Assignment:
Repeat the lines from the one containing "Черный шкаф с" through the last line of the data, exactly, pictures omitted.

Raw data:
···
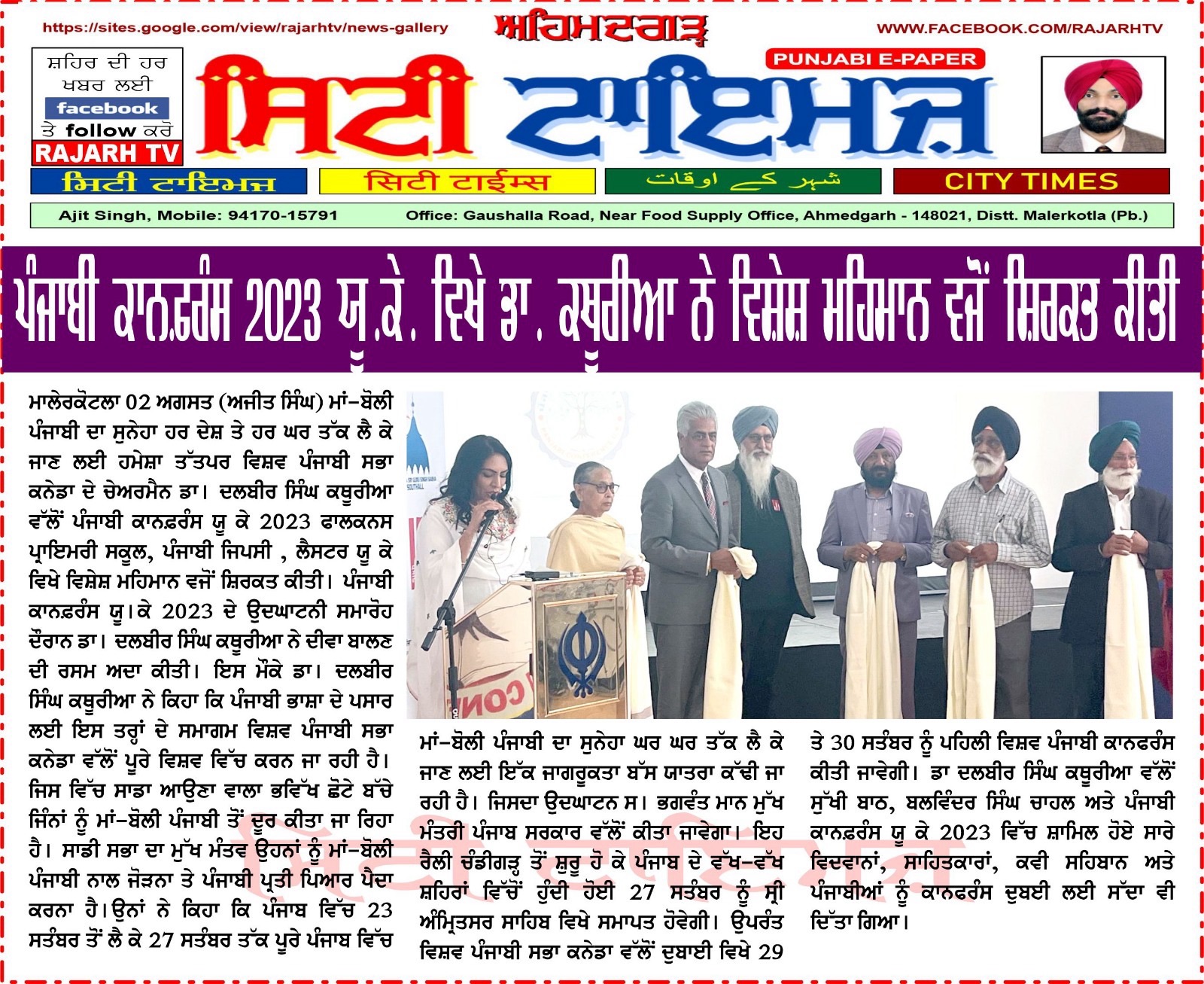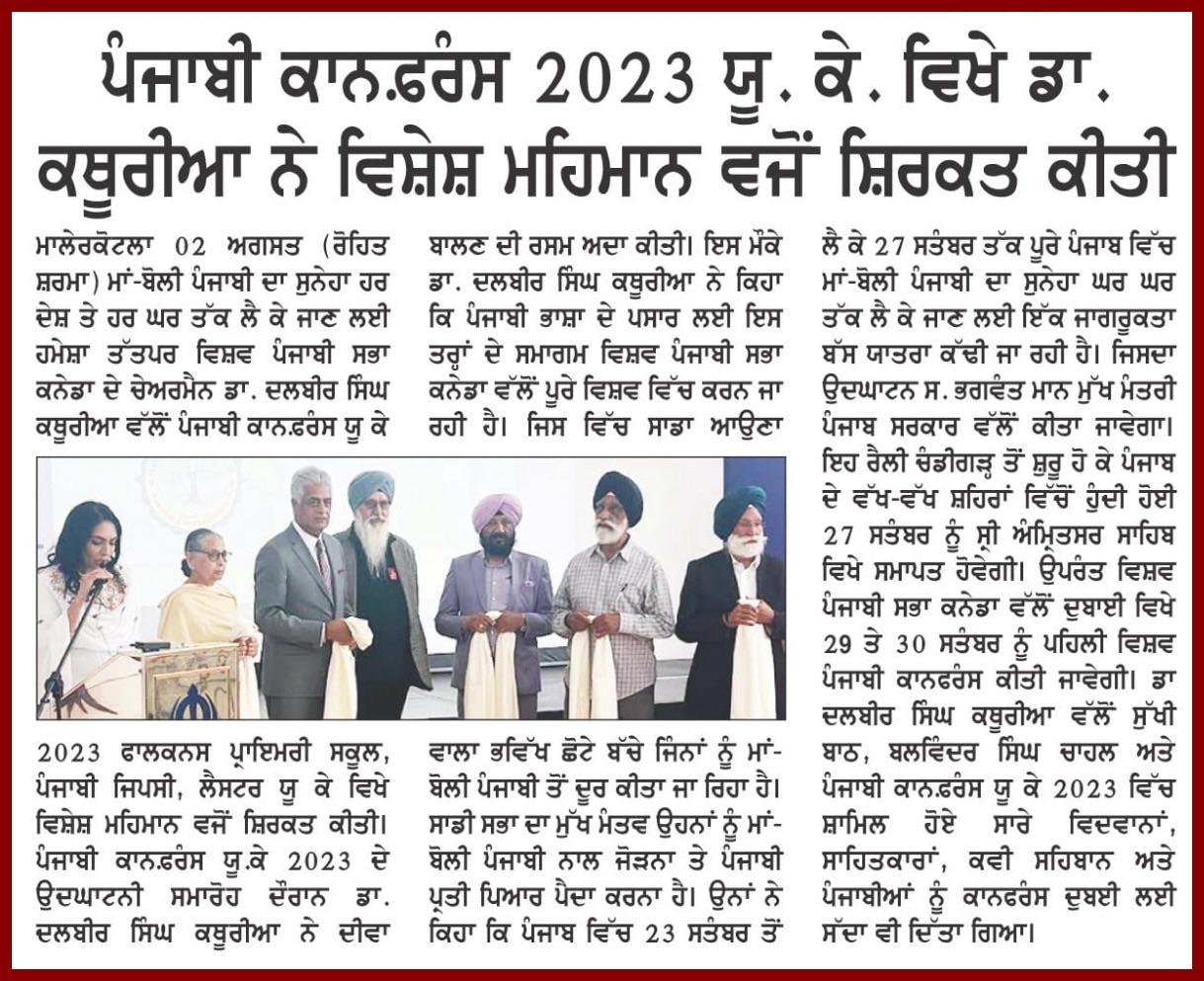 ਬਲਵਿੰਦਰ ਸਿੰਘ ਚਾਹਲ ਤੇ ਕੁਲਵੰਤ ਕੌਰ ਢਿੱਲੋਂ ਪ੍ਰਧਾਨ ਸਾਹਿਤ ਕਲਾ ਕੇਂਦਰ ਸਾਊਥਾਲ ਨੇ ਵਿਚਾਰ ਸਾਂਝੇ ਕਰਦੇ ਕਿਹਾ ਕਿ ਬਰਤਾਨੀਆ ਵਿੱਚ ਪਿਛਲੀ ਅੱਧੀ ਸਦੀ ਤੋਂ ਵੱਧ ਵਿੱਚ ਰਚੇ ਗਏ ਪੰਜਾਬੀ ਸਾਹਿਤ ਦੀ ਨਿਸ਼ਾਨਦੇਹੀ ਕਰਨ ਵਿੱਚ ਪੰਜਾਬੀ ਕਾਨਫਰੰਸ ਯੂਕੇ ਨੇ ਪਿਛਲੇ ਸਾਲ ਅਹਿਮ ਭੂਮਿਕਾ ਨਿਭਾਈ ਤੇ ਇਸ ਸਾਲ ਇਸ ਅਹਿਮ ਵਿਸ਼ੇ ਸੰਬੰਧੀ ਭਰਮੀ ਵਿਚਾਰ ਚਰਚਾ ਕੀਤੀ ਜਾਵੇਗੀ।
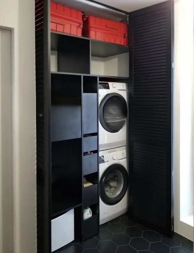 Черный шкаф с жалюзийными дверями для постирочной комнаты «Модель 1099»
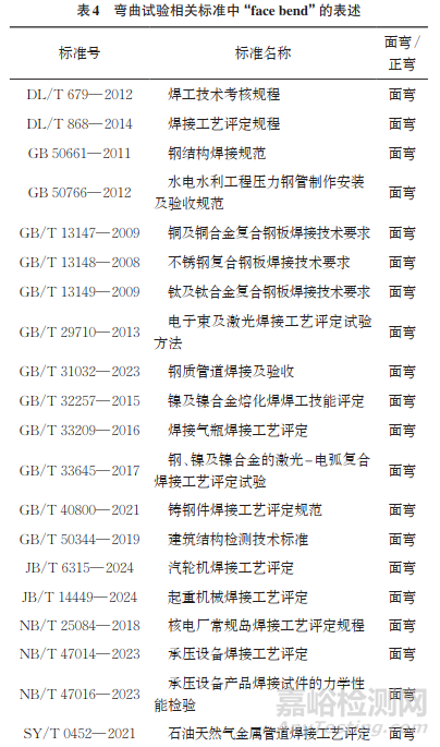 目前“face bend”的翻譯有面彎和正彎兩種,據(jù)不完全統(tǒng)計,現(xiàn)行彎曲相關標準中面彎占多數(shù)(見表4),中國焊接協(xié)會發(fā)布的團標T/CWAN 0010—2018《焊接術語 焊接檢驗》給出了術語“面彎試驗”(face bend test)的定義為:“使焊接接頭上表面受拉的彎曲試驗,亦稱正彎試驗(試樣受拉面為焊縫正面)”,因此,建議GB/T 2653—2008修訂時將“正彎”修改為“面彎”,與其他現(xiàn)行大多數(shù)標準保持一致。
···
Written solution:
 Черный шкаф с жалюзийными дверями для постирочной комнаты «Модель 1099»
 目前“face bend”的翻譯有面彎和正彎兩種,據(jù)不完全統(tǒng)計,現(xiàn)行彎曲相關標準中面彎占多數(shù)(見表4),中國焊接協(xié)會發(fā)布的團標T/CWAN 0010—2018《焊接術語 焊接檢驗》給出了術語“面彎試驗”(face bend test)的定義為:“使焊接接頭上表面受拉的彎曲試驗,亦稱正彎試驗(試樣受拉面為焊縫正面)”,因此,建議GB/T 2653—2008修訂時將“正彎”修改為“面彎”,與其他現(xiàn)行大多數(shù)標準保持一致。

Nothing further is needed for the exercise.